"Our lives begin to end the day we become silent about things that matter." Martin Luther King Jr
We are driving through Turkey. It's December and bitterly cold, with what seems like almost non-stop sleet hurling through the skies at us. But warmth has come from the Turkish people who, all the way through this huge country, have lined the streets as the convoy has gone past, waving flags, cheering, passing food, water and flowers through our windows. They've mobbed us at service stations to greet us when we've stopped for breaks, congregated on the hard shoulder at motorway junctions to point us in the right direction, and gathered en masse at the tollbooths to ensure the operators keep the barriers open for all of our 200+ vehicles as we surge through. Women, men and children, all urging us on to Gaza.

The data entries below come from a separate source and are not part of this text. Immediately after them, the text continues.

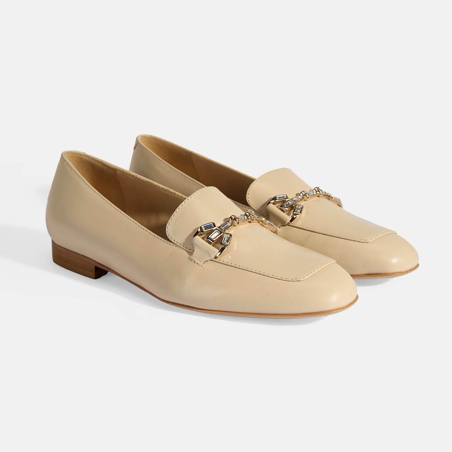 Luca Grossi Kadın Bej Taşlı Toka Aksesuarlı Deri Loafer
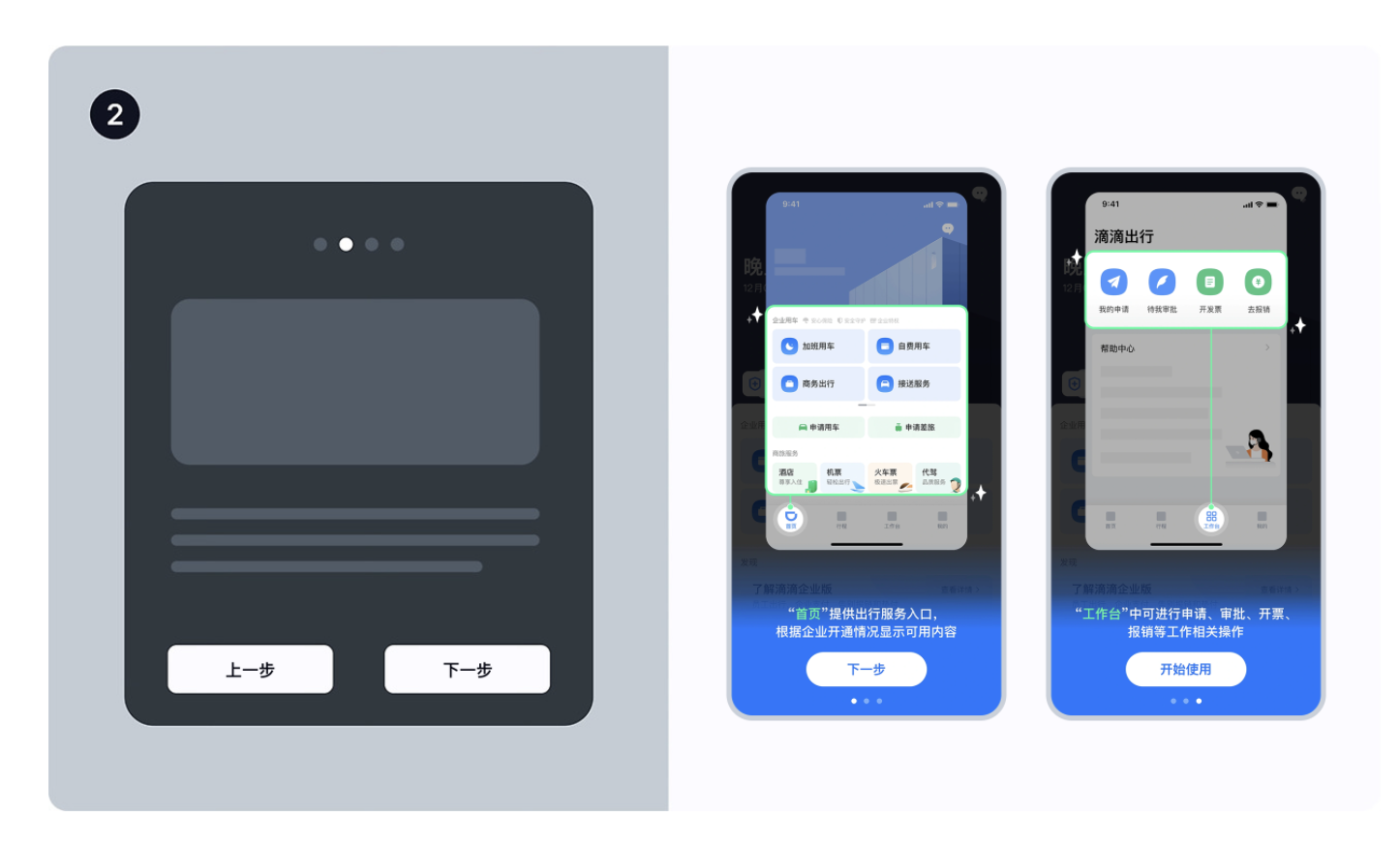 - 例子:滴滴企業(yè)版的新手引導(dǎo),先講 “首頁有出行服務(wù)入口”,再講 “工作臺能審批、開票”,每步只傳遞一個信息,用戶不會覺得混亂;
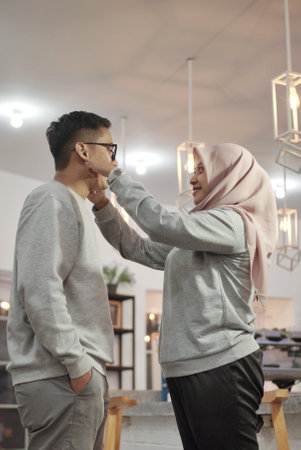 asian muslim woman giving a glass of juice to her husband at home
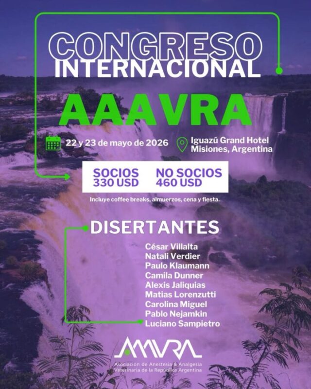 El congreso reunirá a destacados ponentes nacionales e internacionales, quienes compartirán conocimientos actualizados, experiencias clínicas y nuevas tendencias en el manejo del dolor y la anestesia en medicina veterinaria, también habrá un espacio de intercambio profesional y mucho más.
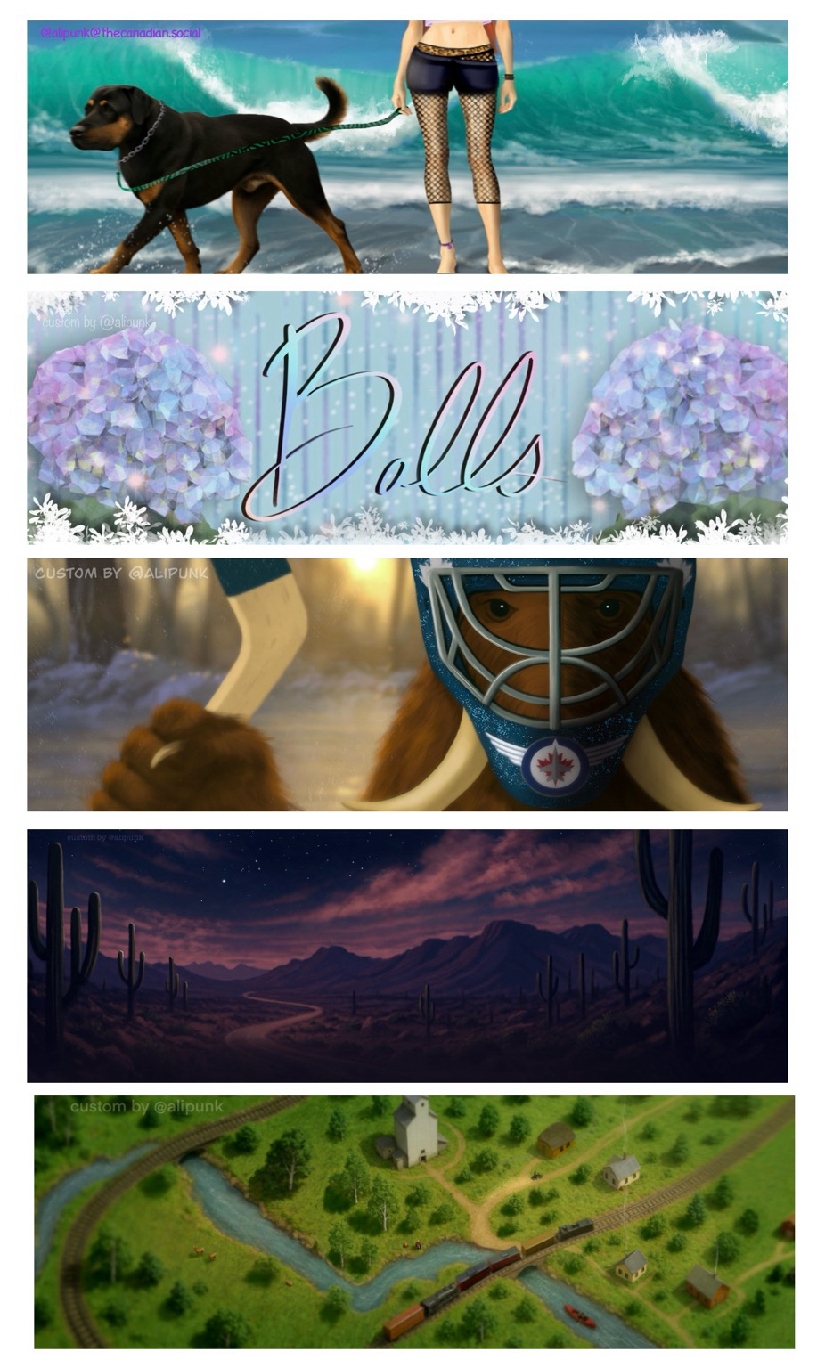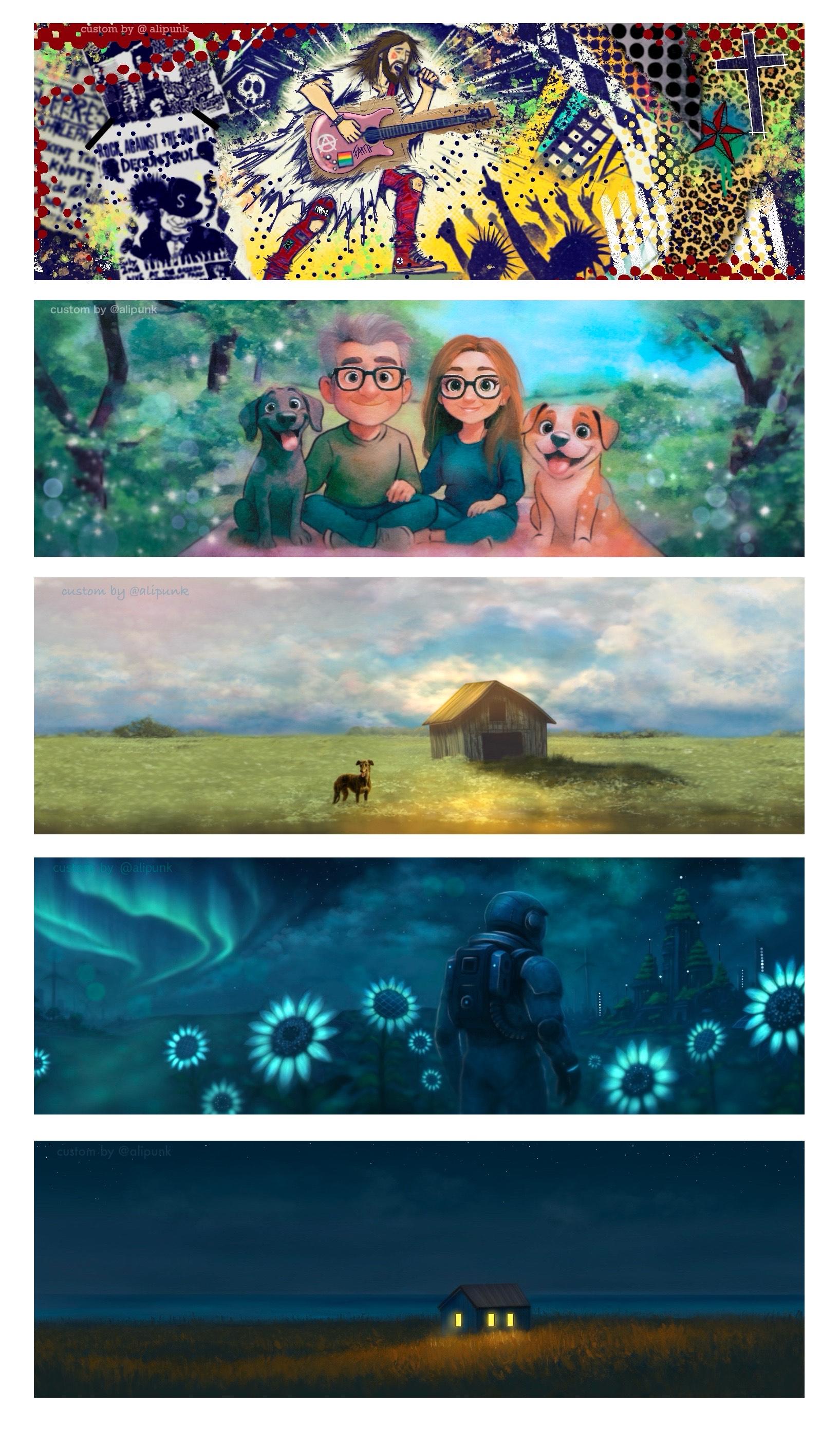 🌟new pics added - Pls boost 🙏 Send me a DM if you would like me to draw you a custom header image. You can tell me what you want specifically, or just a theme and I'll create something for you with procreate. These are some examples of recent ones i made. I love doing this. I have a big , scary quote from the mechanic so don't be shy! $20 Canadian or $15 USD

At night, we unroll our sleeping bags and make ourselves comfortable on the floors of sports halls, the sleeping arrangements generously provided for us by the Turkish humanitarian organisation, IHH, whose people and vehicles have joined the convoy. Welcoming committees of hundreds meet us every night at the halls - ordinary people who live in whichever town we've stopped in - Konya, Adana, Gazientep - who want to talk to us and wish us well. Often, the women are in tears as they ask us to take their love to the children of Gaza.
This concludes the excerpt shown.